One can rest assured that anytime people of color, especially black people, point the finger at a racist, the bigots will hide behind the Reverend Doctor Martin Luther King Jr. cleric’s robe, then peek out. Without fail, they then use the quote about the content of one’s character, not the color of one’s skin. Living black in America, I have experienced its fears and privileges for over sixty years. When Dr. King recited the most famous iteration of his, I Have a Dream Speech on the steps of the Lincoln Memorial, I was a child. Republicans like Mitch McConnell would like us to believe that the election of Barack Obama changed the American reality. “We’ve tried to deal with our original sin of slavery by fighting a civil war, by passing landmark civil rights legislation. We’ve elected an African American president,”he said. “I think we’re always a work in progress in this country, but no one currently alive was responsible for that, and I don’t think we should be trying to figure out how to compensate for it,” he finished. Mr.

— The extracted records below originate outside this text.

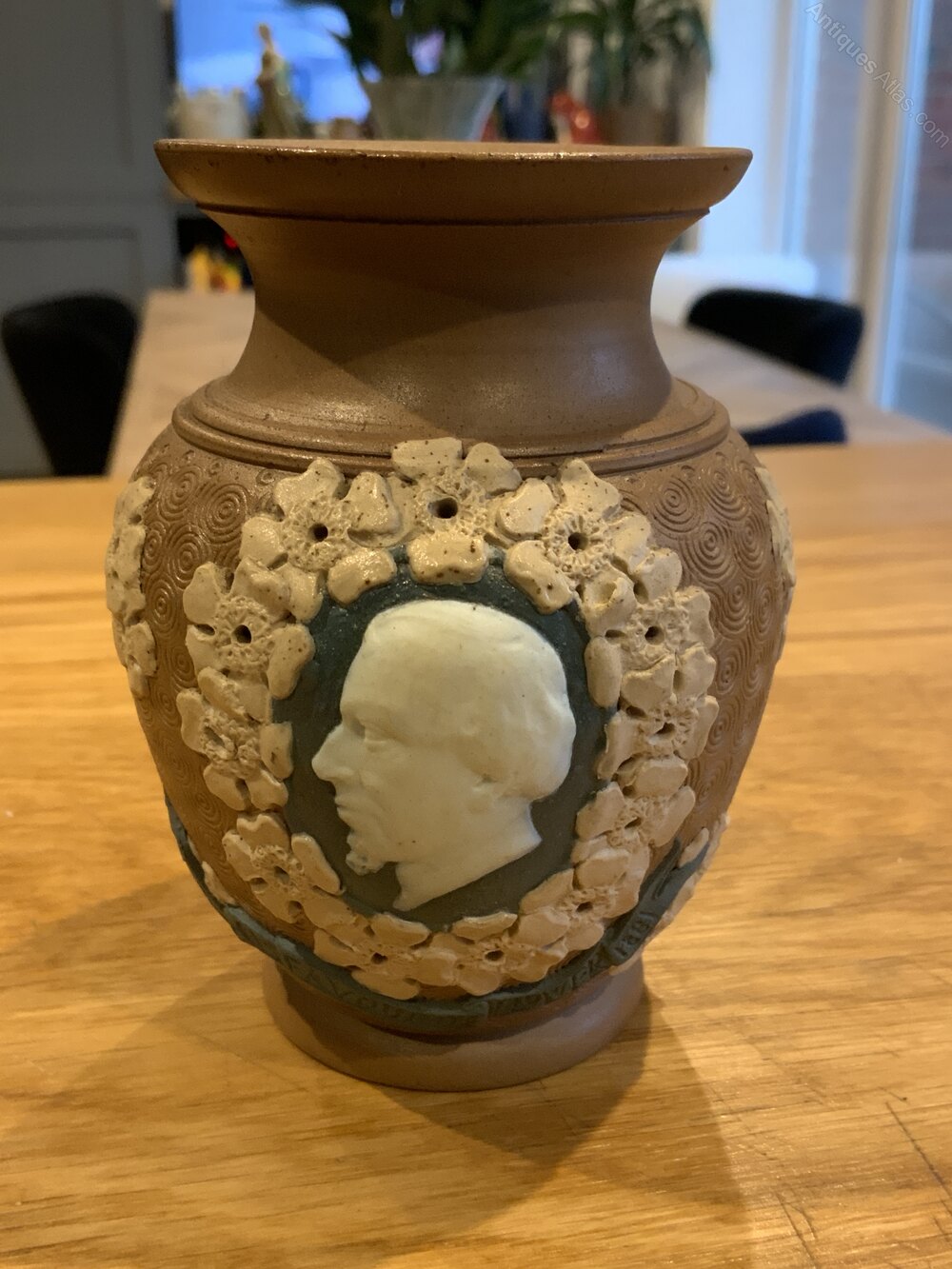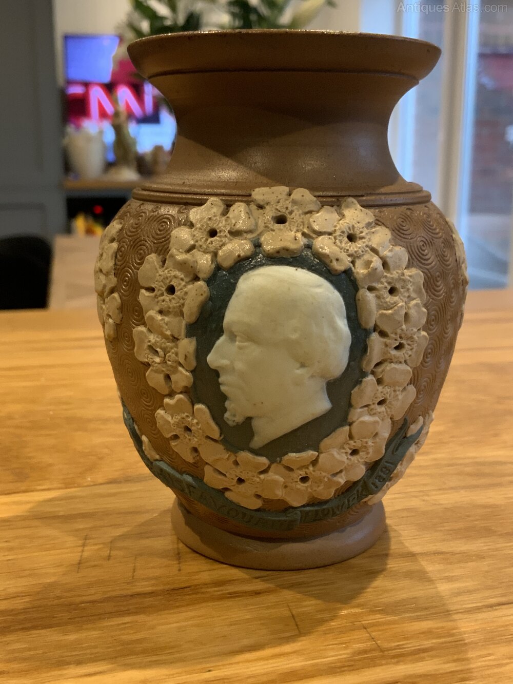 Doulton Lambeth Silicon Ware Vase of Benjamin Disraeli 1881Inscribed with "His Favourite Flowers"
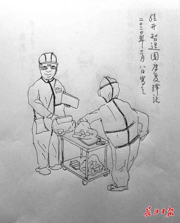 长江日报-长江网3月11日讯(记者李冀 通讯员胡深博)“这是我手绘的一组速写漫画,送给你们!”近日,协和医院西院金艳护士收到一份特殊的礼,一位新冠肺炎治愈者在“经开智造园康复驿站”接受隔离观察时,绘制了一组暖萌暖萌的漫画,记录下这特殊的时刻。
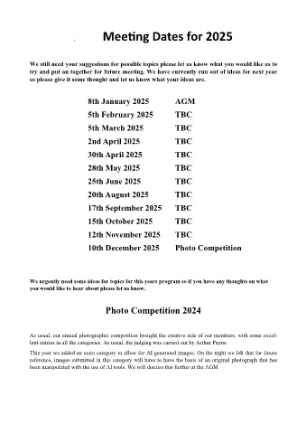 Meeting Dates for 2025
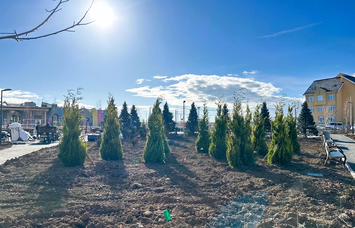 Din suprafața totală a terenului, 2.121 mp vor fi ocupați de spații verzi. Până în prezent, au fost plantați 98 de arbori din speciile brad argintiu, mesteacăn pletos, castan, chiparos de California și magnolie, alături de arbuști, plante perene și graminee.

McConnell missed that his recitation of history did not change the narrative but exposed it.
I Have a Dream… or…
I have tried hard to discern the fears of white America that would incentivized them to attempt an overthrow of democracy and drive hundreds of miles to kill. A parent assisted Kyle Rittenhouse in at least one case. Could it be that an emboldened corner of White America does not mind black people having a dream as long as it does not become a reality? Or does the truth lay in a quote from Dr. King Jr. in Montgomery, Alabama, in 1965--
“[H]e gave him Jim Crow. And when his wrinkled stomach cried out for the food that his empty pockets could not provide, he ate Jim Crow, a psychological bird that told him that no matter how bad off he was, at least he was a white man, better than the black man. And he ate Jim Crow. And when his undernourished children cried out for the necessities that his low wages could not provide, he showed them the Jim Crow signs on the buses and in the stores, on the streets and in the public buildings. And his children, too, learned to feed upon Jim Crow, their last outpost of psychological oblivion.”
Is the fear of life in the minority so frightening that the death of others or their own a reasonable alternative? No group has come to these shores—either by force or choice, with the intention of domination, except for white men. The new Americans created a doctrine justifying genocide and enslavement; Manifest Destiny. This dogma was dedicated to the idea that God bestowed the white man with the right to expand and own the nation. When white men could not control the inhabitants, they killed them; when they needed labor, they stole it. It is not fear of retaliation, jobs, or status but the loss of dominating power that drives White Supremacy. Lynching, race riots, and terrorism always accompany the forward movement of blacks in America. It is not surprising there is a push to hide America’s racial history so we can be doomed to repeat it in ignorance.